# CH-46 in fire



## sunny91 (Sep 23, 2007)

Sunny


----------



## Matt308 (Sep 23, 2007)

Wowwie. Good one Sunny.


----------



## Wildcat (Sep 24, 2007)

Damn!


----------



## syscom3 (Sep 24, 2007)

Great find!!!!


----------



## Gnomey (Sep 24, 2007)

Nice find.


----------



## evangilder (Sep 24, 2007)

Yikes!


----------



## ccheese (Sep 25, 2007)

WOW.... wonder what ship ?

Charles


----------



## sunny91 (Sep 25, 2007)

I have found this:

This happened in Sept of 1998 aboard the
"Bonhomer Richard", pronounced with a
french dialect. My squadron was HMM-164 and I was
a CH-46 Helo Mech. We were supporting Operation
Urban Warrior off the Monterey coast in
California.
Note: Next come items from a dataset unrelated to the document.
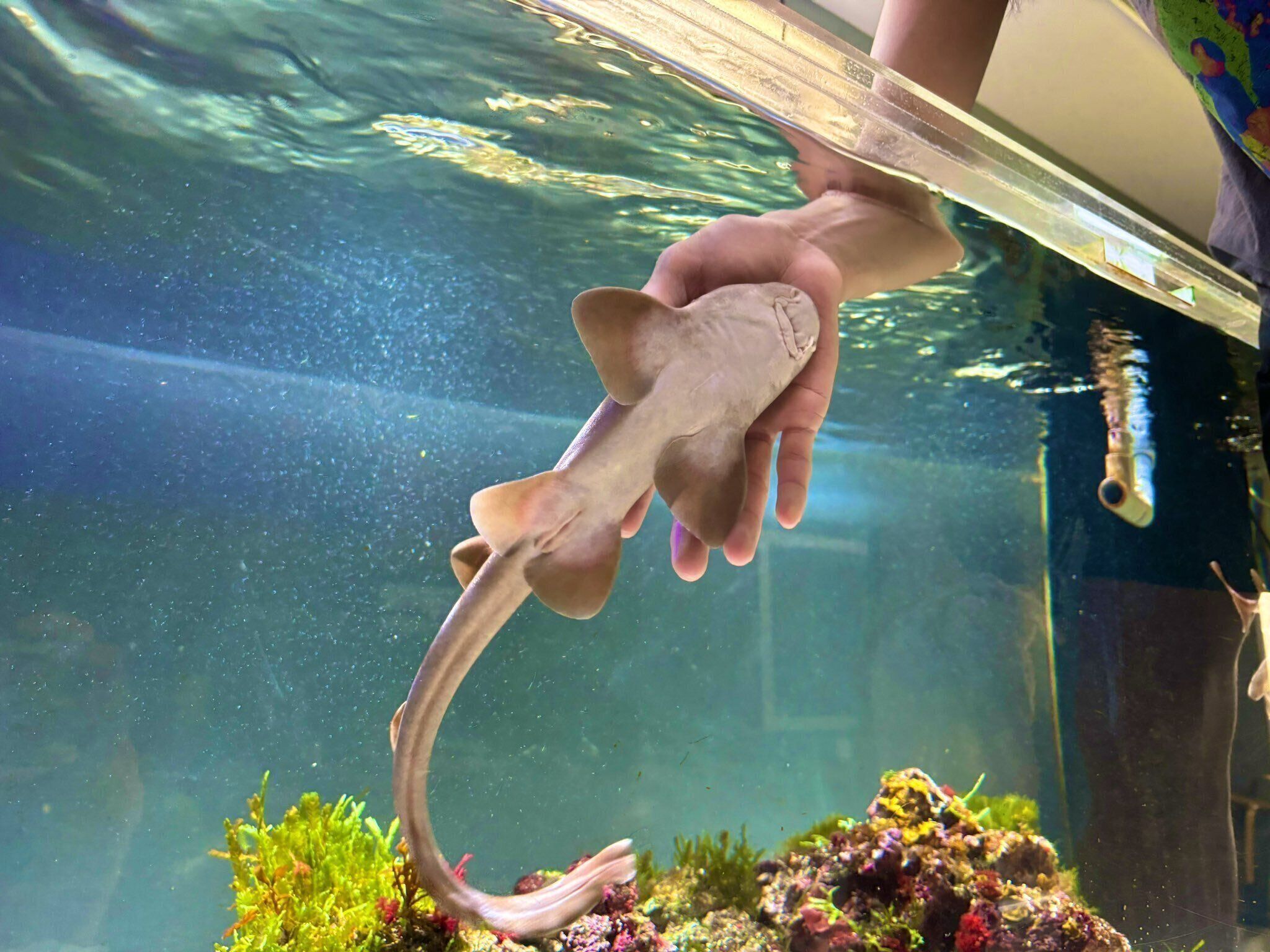 人懐っこいサメちゃんたちとの和やかなふれあいの時間。とても楽しそうでうらやましくなります。
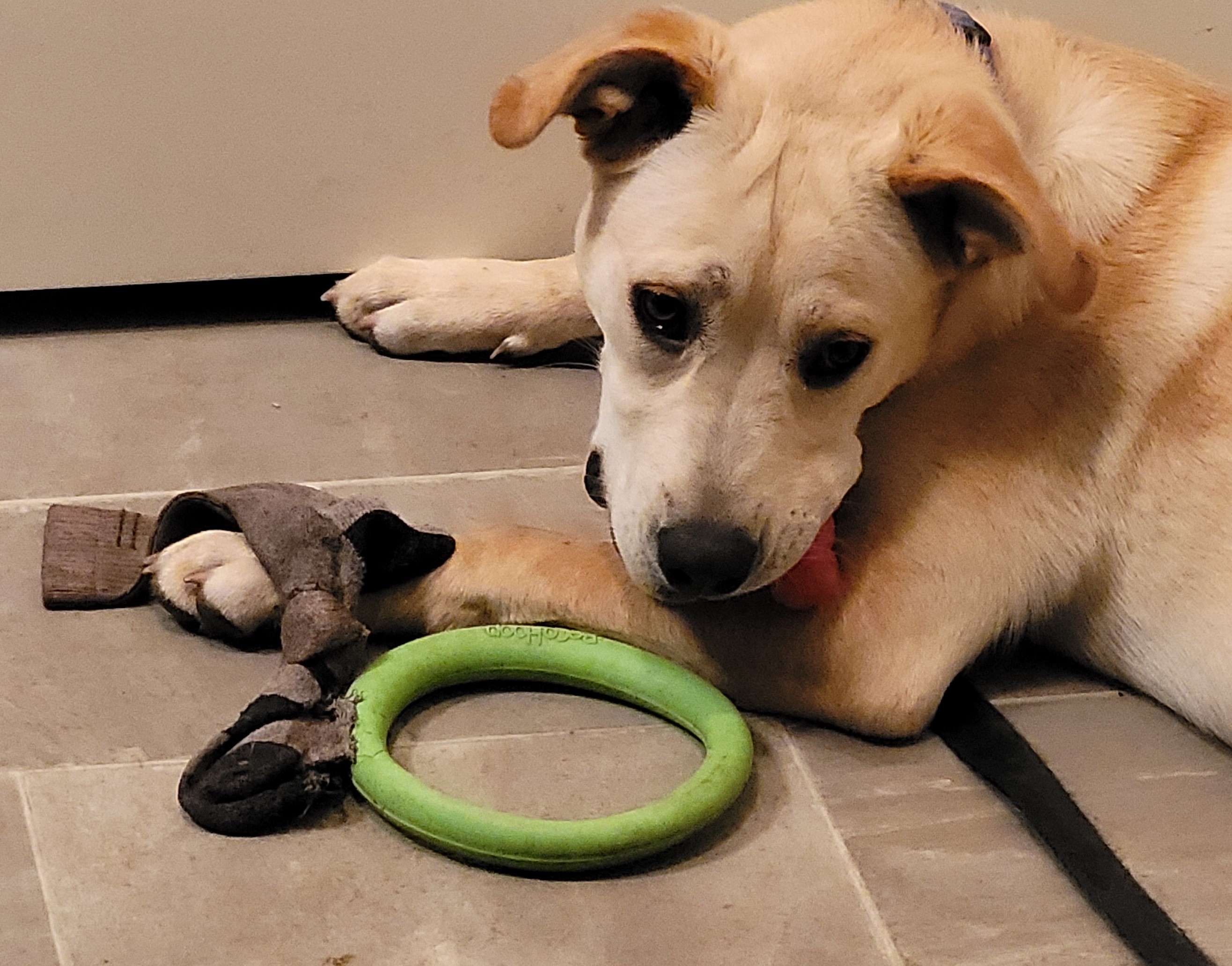 Charlie and Jacques watching Princess at Jacques's apartment as she starts to play with her 3 toys.
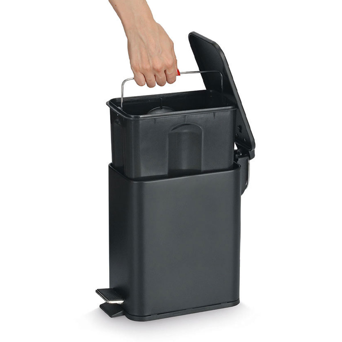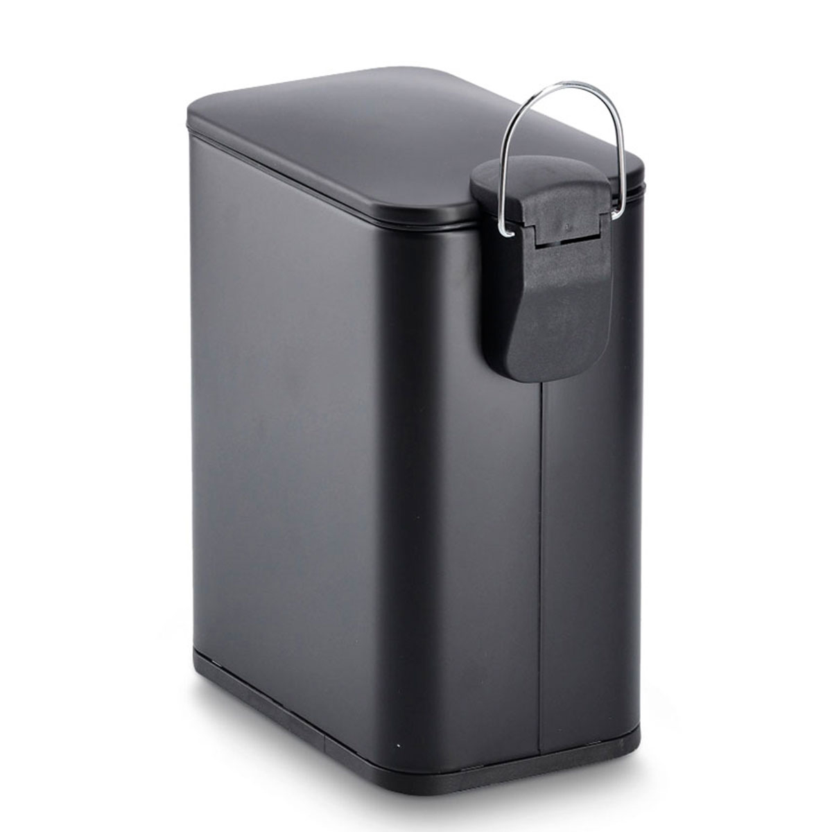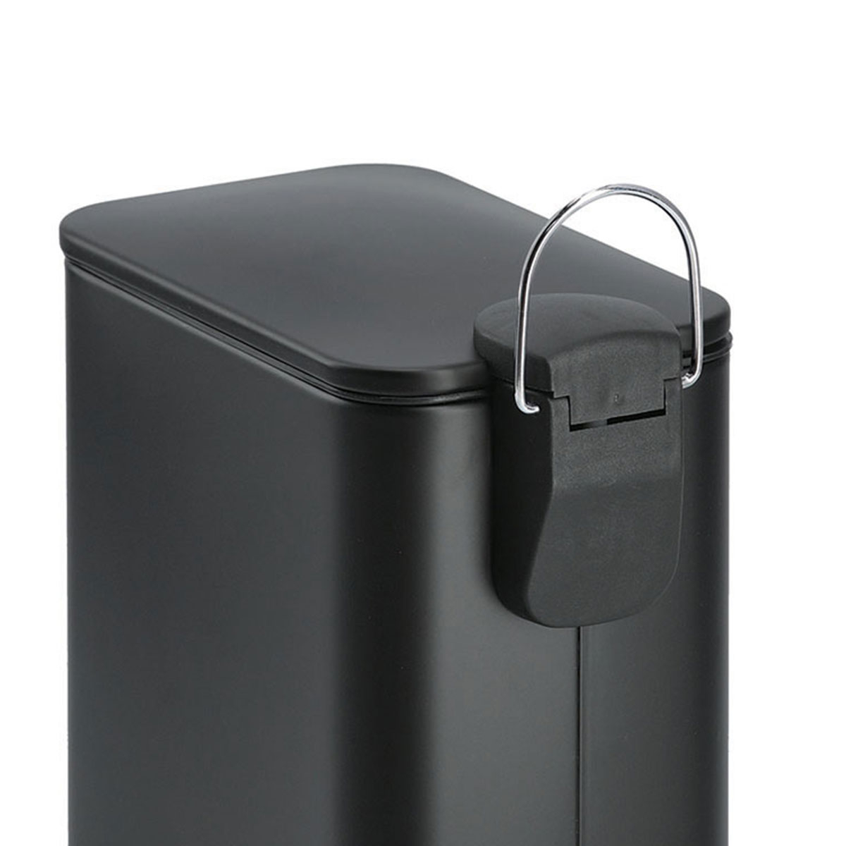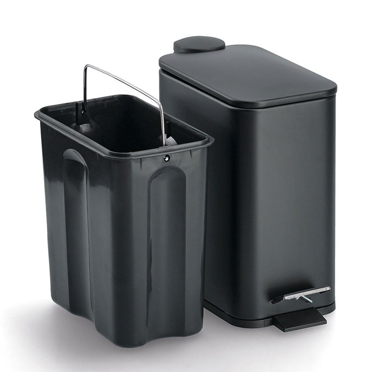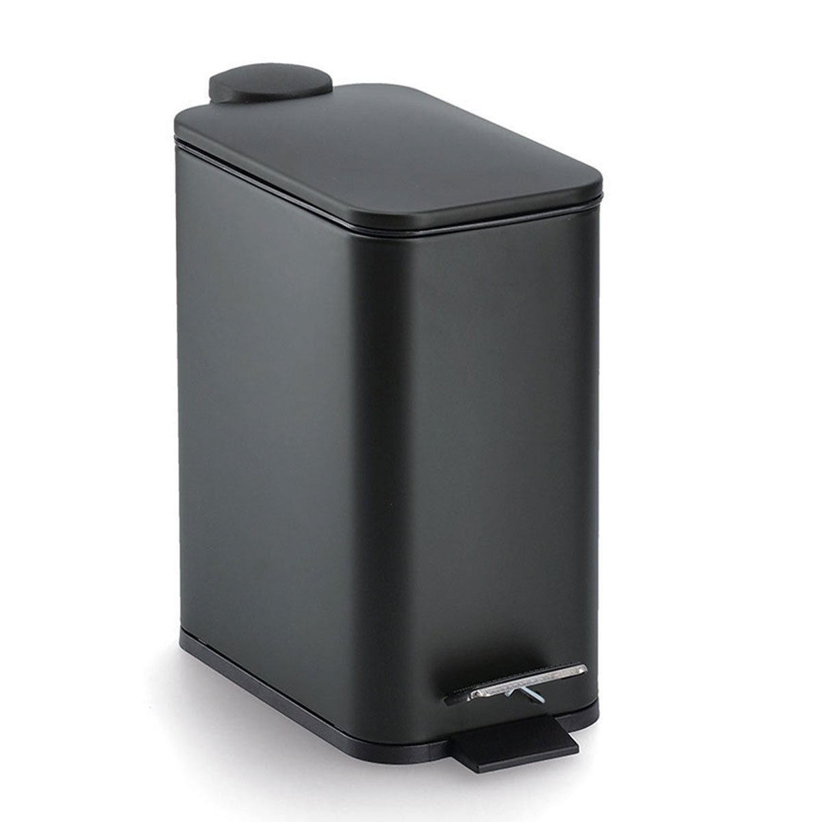Κάδος απορριμμάτων με πεντάλ και μοντέρνα αισθητική. Είναι κατασκευασμένος από μεταλλικό υλικό με ηλεκτροστατική βαφή πούδρας σε μαύρο χρώμα και πλαστικές λεπτομέρειες. Διαθέτει μηχανισμό soft close, ώστε να κλείνει αργά και αθόρυβα καθώς και εσωτερικό πλαστικό κουβά που αφαιρείται εύκολα για να τον καθαρίζετε. Η λιτή του αισθητική ταιριάζει εύκολα σε κάθε διακόσμηση, προσφέροντας μια τακτοποιημένη και καλαίσθητη εικόνα στον χώρο. Μια πρακτική και κομψή επιλογή για κάθε μπάνιο. Χωρητικότητα: 5lt. Συνδυάστε το με τα υπόλοιπα αξεσουάρ του ίδιου σετ για ένα ολοκληρωμένο αποτέλεσμα.
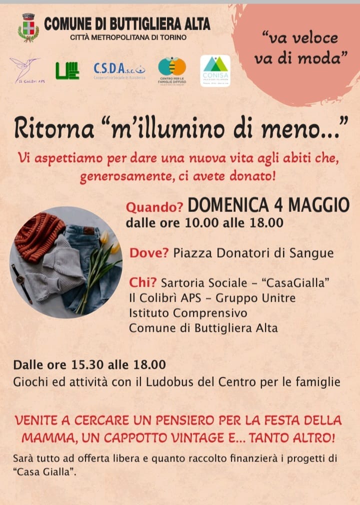 L'Amministrazione Comunale, in collaborazione con "Il colibrì Aps", Unitre Buttigliera Alta, Cooperativa Csda, Centro per le Famiglie Diffuso e il Conisa organizza, per domenica 4 maggio la riedizione di "M'Illumino di Meno", dando seguito a quanto avviato lo scorso febbraio, in occasione della “Giornata nazionale del risparmio energetico e degli stili di vita sostenibili”, dedicata al riuso tessile.

This bird was taking media crews back
and forth from land to the carrier all day and at
this moment they were leaving to go back to shore.
I was in the chow hall aboard the Bonhomer
"Dick" when this happened. CH-46
crewchief Sgt. Beyers received smoke inhalation
while saving these people and was treated at the
scene. For his actions "under fire", no
pun intended, he received a Certificate of
comendation and a "NAM". After
investigating, it was found that a pinhole in one
of the aft transmission lines was
atomizing(spraying) fluid and the spray was being
sucked into the aft generator and this caused the
fire. Transmission fluid is not flammable in large
quantities but when atomized it is very flammable.
The aft portion of this bird was completely
destroyed and had to be removed and replaced.
After 9 months of rebuilding this bird was put
back into the fleet and renumbered. Before the
fire it was #07 and after we got it back it was
#15.


Sunny


----------



## Bf109_g (Sep 26, 2007)

Nice video Sunny


----------



## Aggie08 (Sep 26, 2007)

Good God, that's terrifying. I can only imagine how scary it is when you're 200 feet up and you've just been hit.


----------



## ToughOmbre (Sep 26, 2007)

Scary. Dangerous business  

TO


----------